Sludge settleability: (a) cationic degree, (b) intrinsic viscosity, and (c) pH.

3.5. Sludge Morphology

The sludge and sludge cake morphology before and after sludge conditioning are shown in Figure 10. The micrographs show that the unadjusted sludge has small and evenly dispersed sludge particles with a certain consistency, and sludge particle and water are difficult to separate. After CCPAD conditioning, the separation of mud and water is clearly observed. CCPAD enlarges the sludge particles and promotes aggregation through neutralization and adsorption and bridging. This phenomenon can accelerate the separation of sludge and water. The surface of the dewatered sludge cake is relatively unbroken with no cracks. [Figure 10b,e]. After conditioning and dewatering, the mud cake becomes tight and with a noticeable crack. These characteristics show that sludge conditioning by CCPAD can promote the separation of sludge and water, and this process is beneficial to sludge dewatering.

Figure 10

SEM images and photographs of sludge: (a–c) original sludge, (d–f) sludge conditioned by CCPAD.
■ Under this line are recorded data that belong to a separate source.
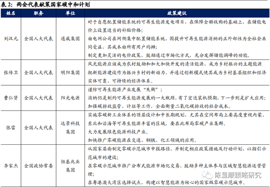 多位两会代表为实现“30·60”双碳目标建言献策。2021年两会期间,与碳达峰、碳中和相关的提案成为市场关注的焦点之一,从多位业内人士代表的政策建议可以看出当前我国新能源行业发展空间巨大,但也面临不少问题。储能成为多位代表关注的问题,储能行业有望进入高速发展期;可再生能源的消纳,有望带动更多领域的新能源利用;风光能源与乡村振兴战略的结合很有潜力;政策顶层设计的完善和零碳示范城市建设有望加速能源革命推进和低碳生活方式的普及。
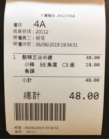 餐厅冷气不足,酸辣五谷米线30元,选了小辣,配菜鱼腐8元、墨鱼咀10元。汤底轻微辣,有酸味,除此之外,无其他味道。米线太软身。墨鱼咀不爽脆。鱼腐大大件,味道正常,口感很好。冻柠茶正常。推广期内惠顾两款配菜送冷/热饮品。
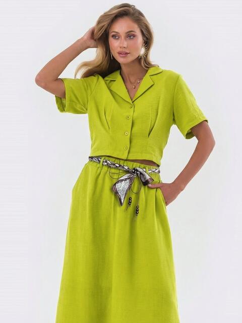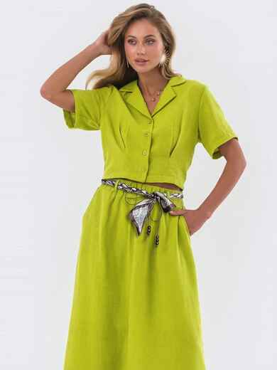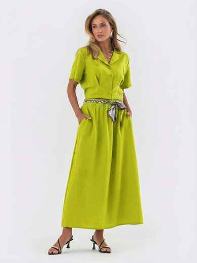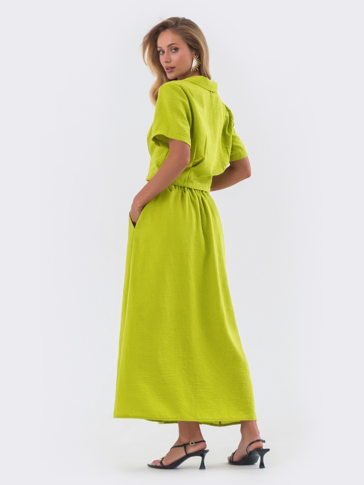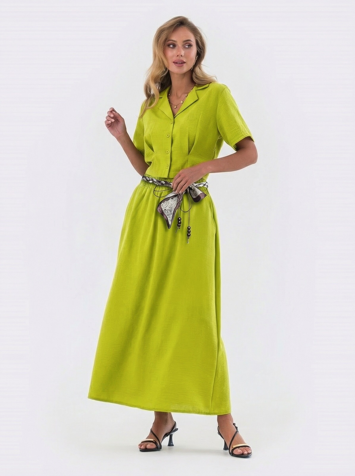Яскравий костюм-двійка лаймового кольору з турецького матеріалу стане акцентом літнього гардероба. Поєднання блузки з відкладним коміром та довгої спідниці створює стильний casual образ.
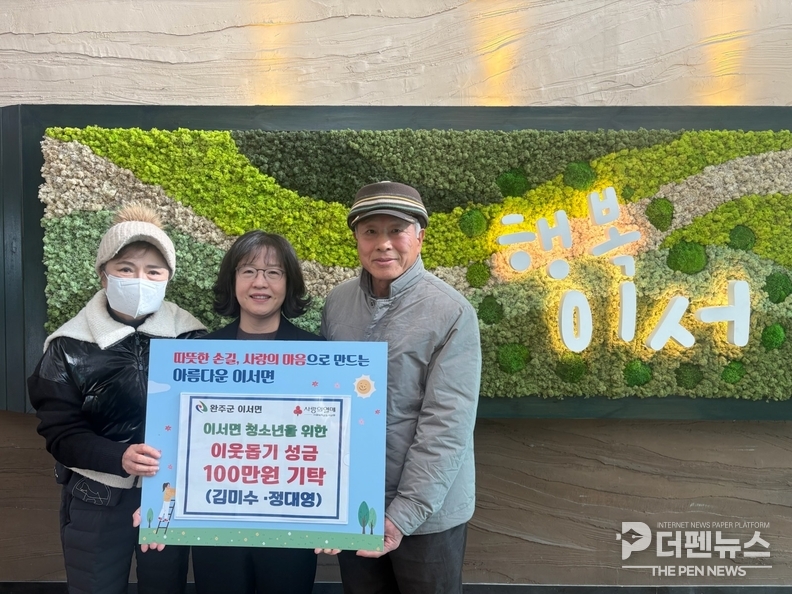 완주군 이서면은 김미수·정대영 부부가 관내 취약계층 아동들을 위해 써달라며 성금 100만 원을 기탁했다고 밝혔다. 이번에 전달된 성금은 경제적 어려움으로 학습과 생활 전반에서 도움이 필요한 지역 내 아동들을 지원하는 데 사용될 예정이다.
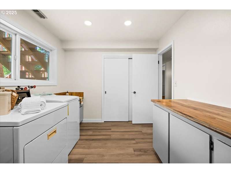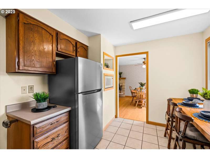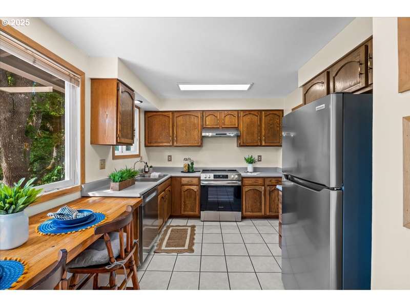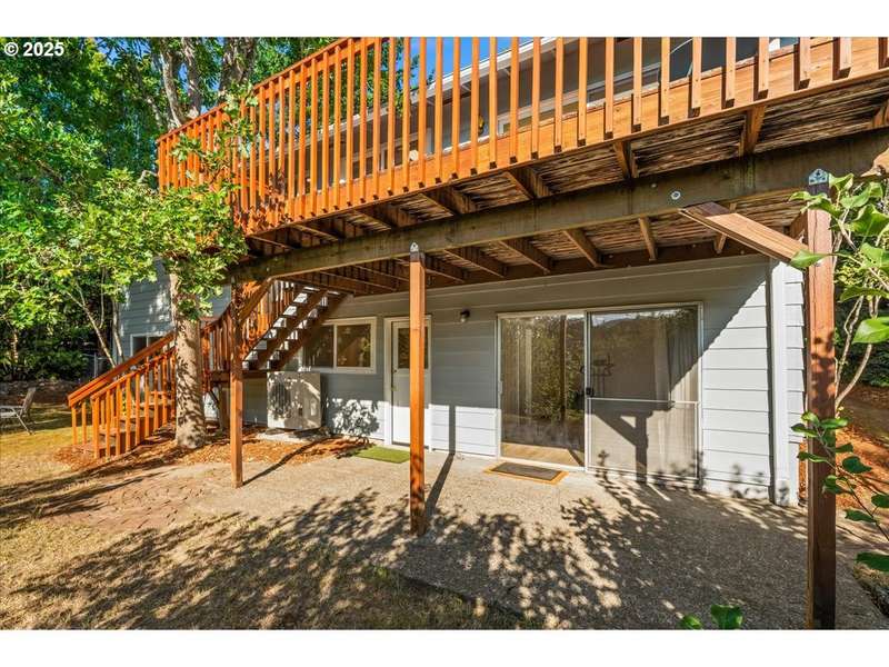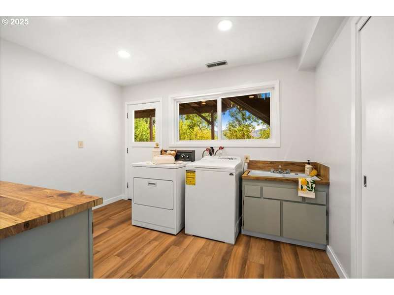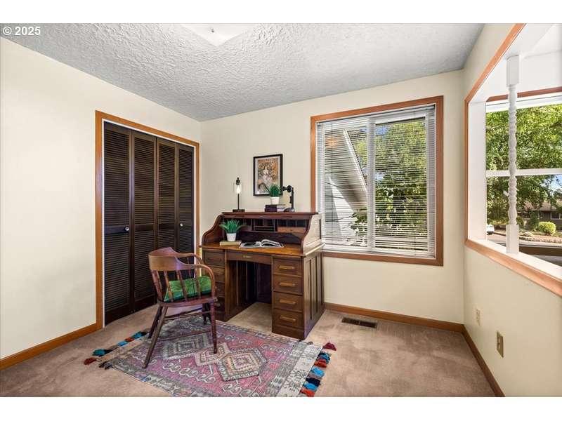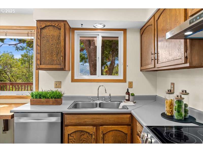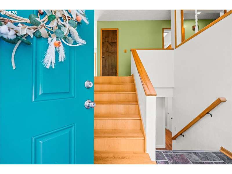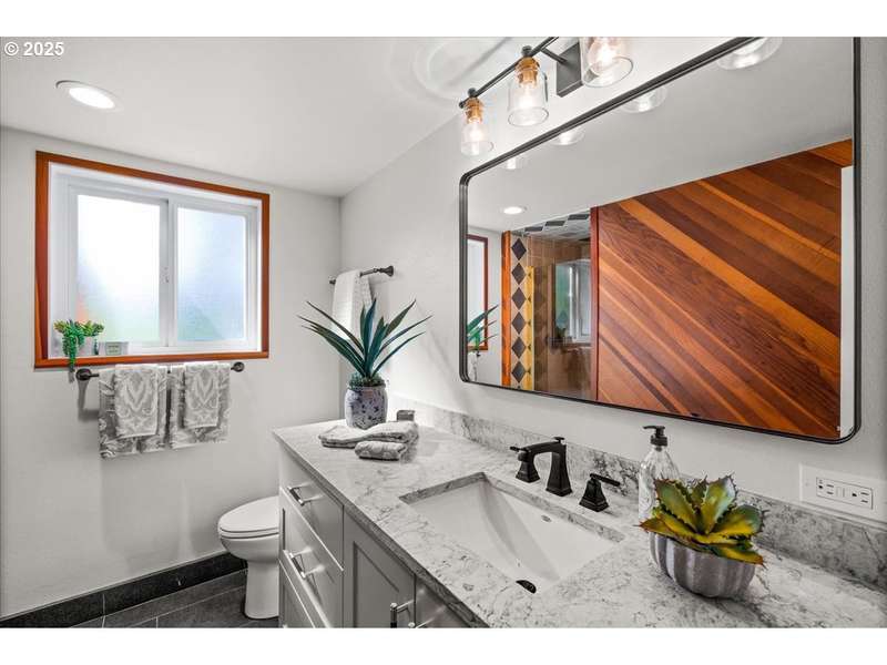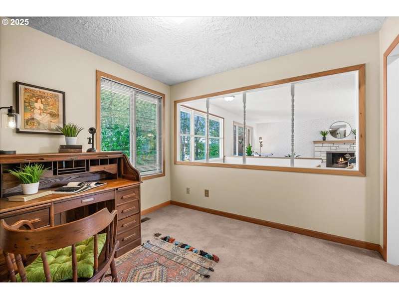 Classic Mid-Century Vibes in this Modern home with sweeping Coastal Range views! Step inside and you’ll find the main living spaces upstairs, designed to capture natural light and frame unobstructed views from every window. The living room, dining area, and kitchen flow seamlessly together, opening onto a deck that offers dramatic seasonal views — glorious sunsets, clouds and mist drifting over the hills, and blankets of snow against a backdrop of forest and farmland. Perfect for everyday living or hosting a full dinner party. Upstairs, the den is your blank canvas: create an office, a cozy reading nook, or a craft room — the choice is yours. Downstairs, the bonus room offers flexible living space with a brick fireplace, perfect for a cozy lounge or the ultimate game-day hangout. Two additional bedrooms and a fully remodeled bathroom make it ideal for family, guests, or a private retreat. The laundry/utility room adds function with generous storage, direct backyard access, and a separate workshop space. Out back, your private 1/3-acre yard is lush, peaceful, and alive with wildlife — a natural landscape that blends the region’s beauty with today’s lifestyle. The location feels like you are not in town, yet the well-kept neighborhood is welcoming, with a park with walking paths that sits directly behind the house. This home blends modern updates with original character to create a truly one-of-a-kind retreat.
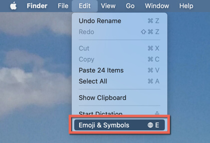 - Open Finder and select Edit > Emoji and Symbols on the menu bar. Or, press Control + Command + Space.
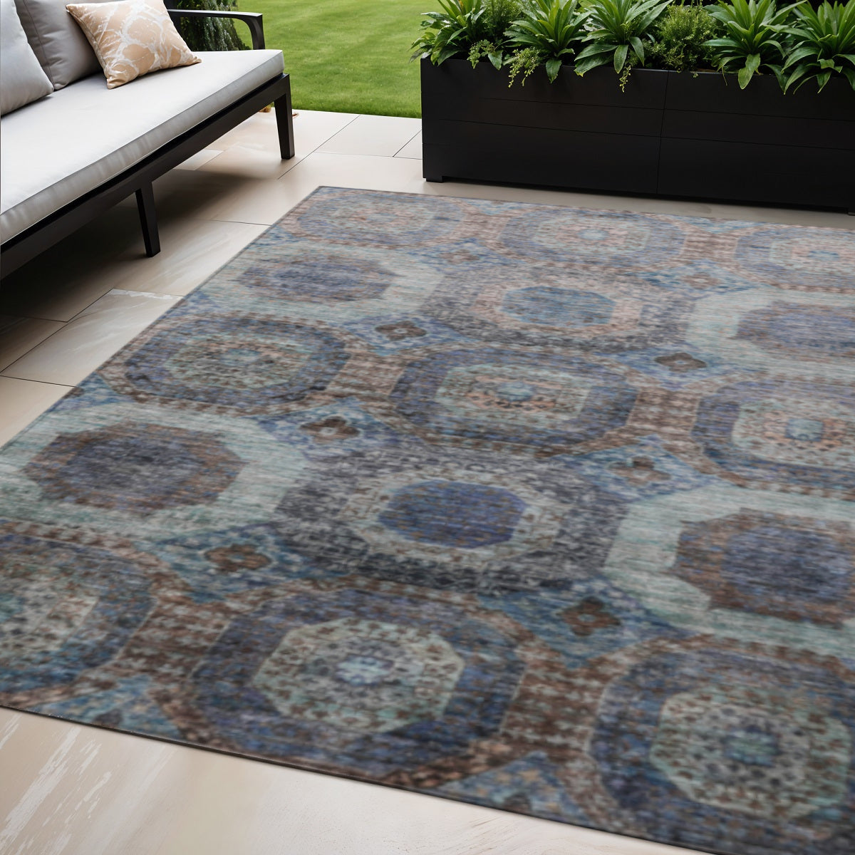Add some artistry to your room with this 5-foot x 8-foot teal blue and copper medallion washable indoor outdoor area rug. This rectangle shaped rug features a medallion design that will work well both indoors or out. A classic shape marries with good looking design for your living room, hall, bedroom, porch, patio, or poolside. Ideal for outdoor spaces or high traffic areas with kids and pets, this rug is made from heavy duty polyester that is stain resistant to help repel water, dirt, and stains. Versatile in use, durable, and easy to maintain, this rug is an ideal solution to add a decorative and inviting touch to your indoor or outdoor space. 60-inch h x 90-inch w x 0.19-inch d.
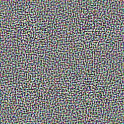 | Ejemplo ilustrando la importancia del protocolo de enfriamiento: El problema consiste en disponer los píxeles en la imagen de tal manera que se minimice una función de energía potencial que causa que los colores similares se atraigan a distancias cortas y se repelan a distancias largas. En cada iteración se intercambian las posiciones de dos píxeles adyacentes. La imagen de la izquierda es obtenida con un protocolo de enfriado rápido, en el que la temperatura desciende rápidamente, y la de la derecha, con un protocolo lento, equiparables a los procesos de formación de sólidos amorfos y cristalinos respectivamente. | |
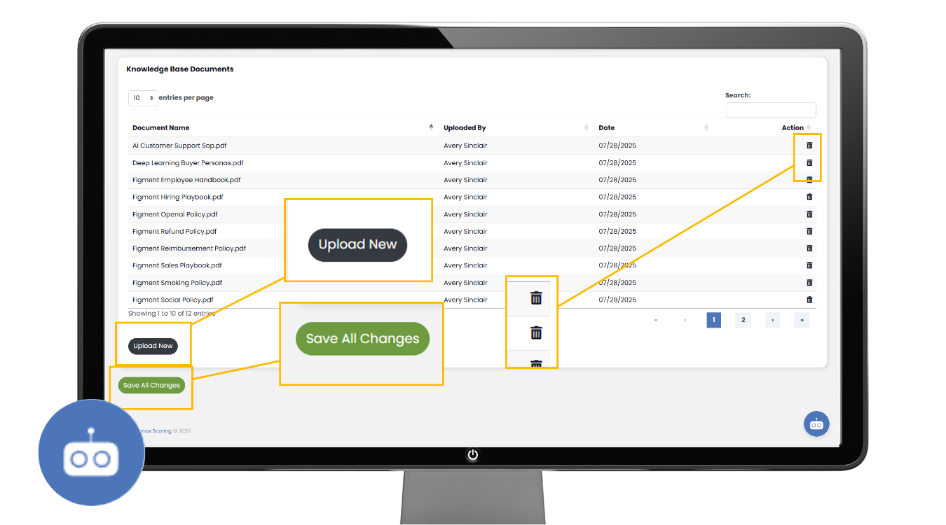 Keeping documents current is critical to maintaining accurate AI responses. When a policy or procedure changes, the best practice is to delete the outdated document first, then upload the revised version. This prevents conflicting information and ensures the AI references only the most up-to-date material.
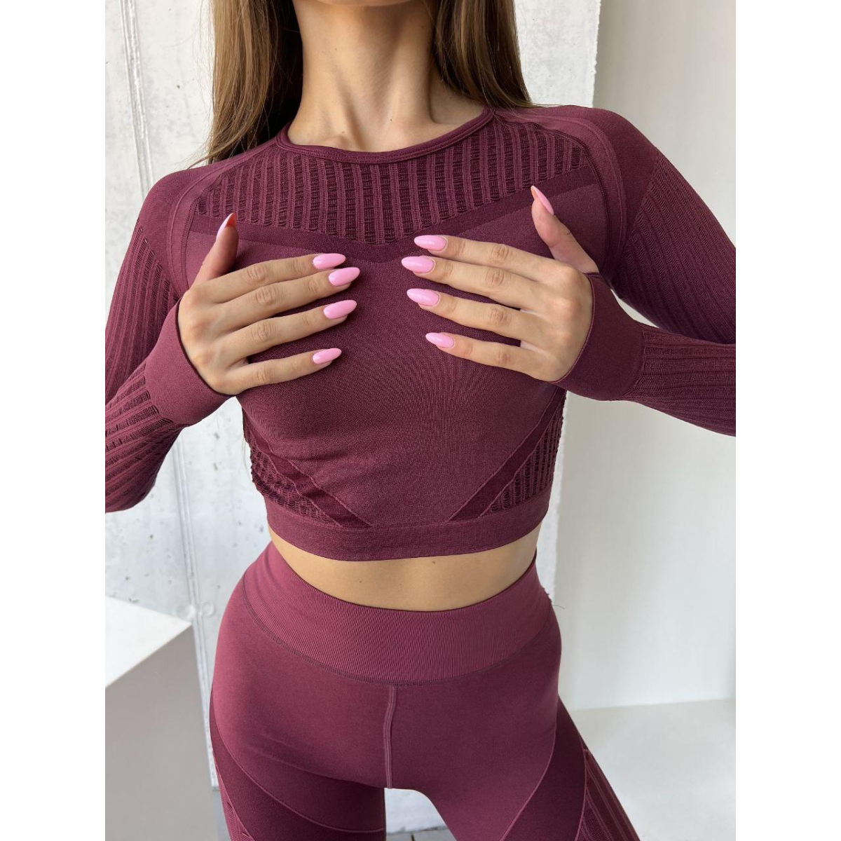 Комплект без Push up двійка топ лонгслів з довгим рукавом і легінси з стрілками бордовий
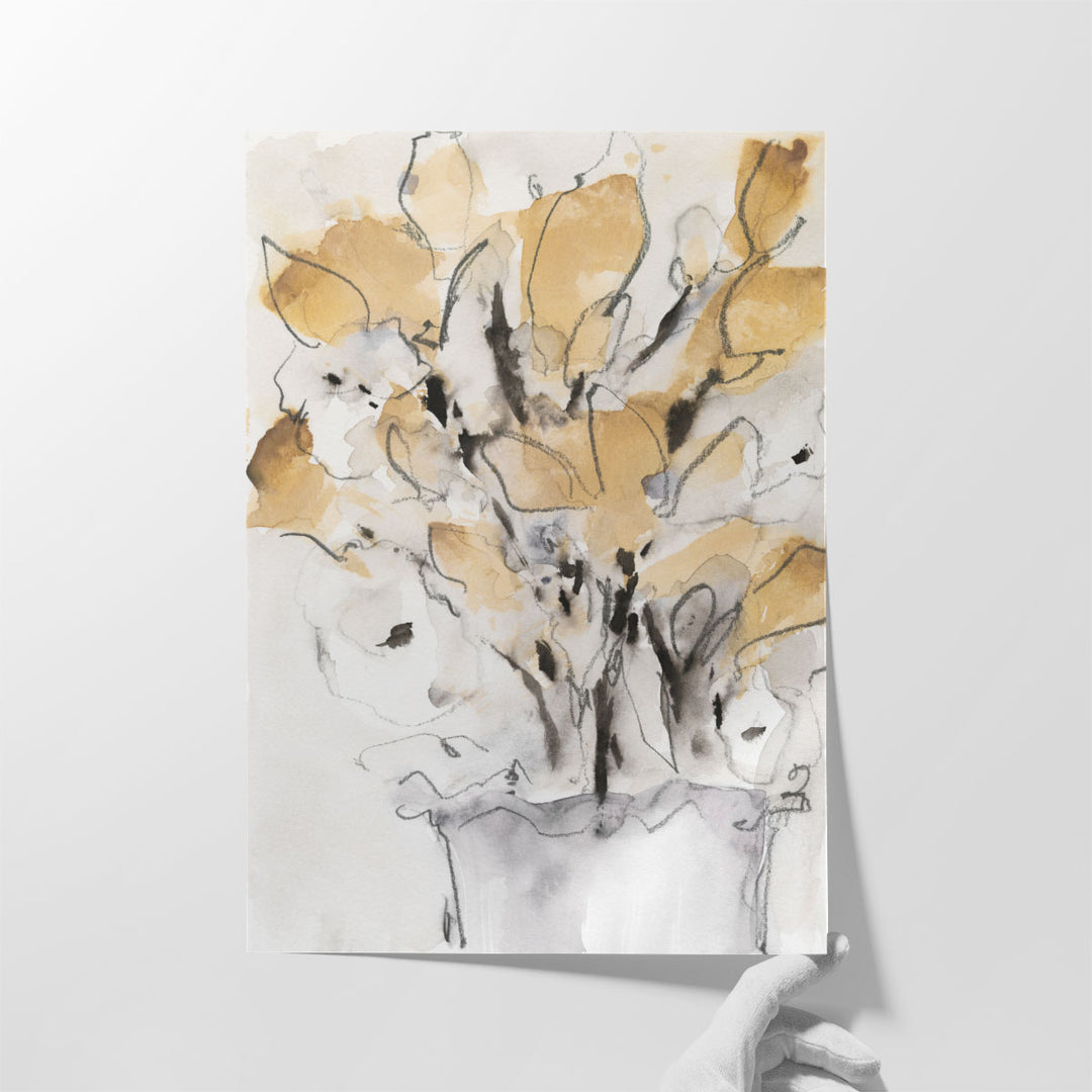 This captivating artwork features a still life of vibrant poppies in black, white, and brown vase, beautifully showcasing the essence of seasonal beauty.
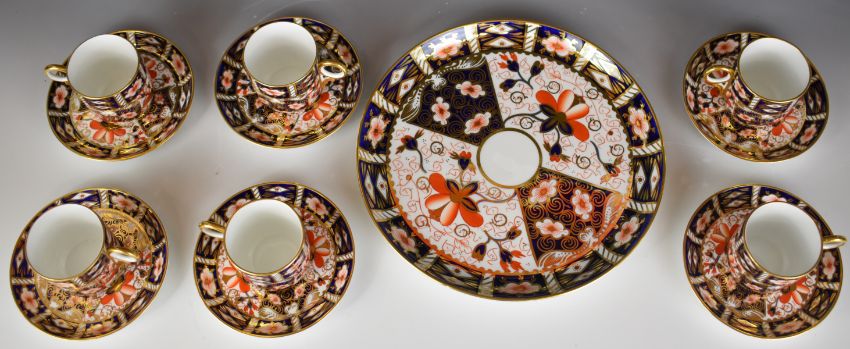 Royal Crown Derby Imari coffee ware decorated in the 2451 pattern, comprising six cups and saucers and a circular tray

The scanning electron micrographs in Figure 10c,f shows the original sludge particles are small in size with unevenly dispersed arrangement on the surface and strong adhesion to water. After CCPAD conditioning, the number of sludge particles increases, and these particle accumulate with dense structure and smooth surface. This phenomenon is primarily due to the fact that the positively charged CCPAD molecules are electrically neutralized with the negatively charged sludge particles. Moreover, the adsorption and bridging cause the formation of the destabilized particles into large aggregates and flocs [50].

4. Conclusions

In this study, CMCS, AM, and DMC were used as raw materials to synthesize chitosan-based flocculant CCPAD through UV-induced polymerization. The optimum synthesis conditions for the photo-initiated graft polymerization of CCPAD by single-factor experiment were determined as follows: total monomer concentration, 40%; CMCS concentration, 8%; cationicity, 40%; photoinitiator concentration, 0.04%; illumination time 2 h; and pH 8. The characterization results show that the successfully synthesized polymer CCPAD had the functional group structure of CMCS, AM, and DMC in the main chain. The sludge condition and sludge dewatering performance of CCPAD were performed and evaluated by supernatant turbidity, moisture content, and specific resistance to filtration. The optimal sludge dewatering performance, with supernatant turbidity of 6.54 NTU, moisture content of 76.26%, and specific resistance to filtration of 1.09 × 1013 m/kg, was obtained at pH 5–6 and 20 mg/L CCPAD with intrinsic viscosity of 1267 mg/L. In addition, Zeta potential results show that the main mechanism of sludge flocculation and conditioning was adsorption bridging and charge neutralization. Thus, photopolymerization technology is an efficient and low-cost environmentally friendly initiation technology with good application prospects. It also provides direct evidence for the application of chitosan as a flocculant. Designing and modifying chitosan according to the characteristics of pollutants is the design target of chitosan-based flocculants with high efficiency.